1) Kid A – Radiohead  (October 2000 – Parlaphone)

In the aftermath of the band’s previous release, Radiohead seemingly abandoned their previous influences.  No longer listening to Nivarna and REM, the quintet instead devoured the electronica of Warp Records’ back catalogue, immersed itself in contemporary classical music and developed an academic interest in Jazz; these influences combined to create an ethereal sound world on Kid A.   The opening track ‘Everything in its Right Place’, utilises solely synthetic instrumental forces, with Yorke’s mutated voice more another layer in the tapestry than a centre-piece.  ‘Idioteque’ samples one of the earliest ever pieces of electronic music, creating a beat driven lament on modern society.  The record’s standout track ‘The National Anthem’ spawns out of a short bass riff that permeates throughout, underpinning a Charles Mingus-like brass section constructed to sound ‘like a traffic jam’.

Now, the opus is unanimously seen as a classic, but at the time of release, the fans’ and critics’ reactions were luke-warm.  Furthermore, at the time of recording, not even all the band members were in favour of the change of direction.

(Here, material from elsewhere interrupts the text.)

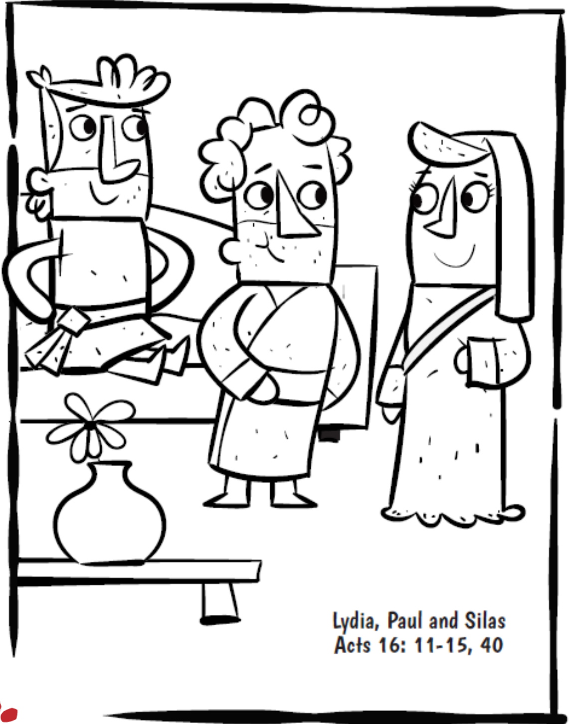
Lydia, Paul and Silas Acts 16: 11-15, 40

The camp was split into two factions during the sessions in a wintry Copenhagen: those who wanted three minute pop songs and those who wanted anything but.

Unlike the band’s previous works, Kid A didn’t provoke a superfluity of cheap imitations.  Even the most ambitious of plagiarists recognised the methods of construction used were too complex, the sphere of influence too expansive and the overarching vision too unique to warrant an attempt at emulating the sound.  No other band could have made this record: the decade’s finest.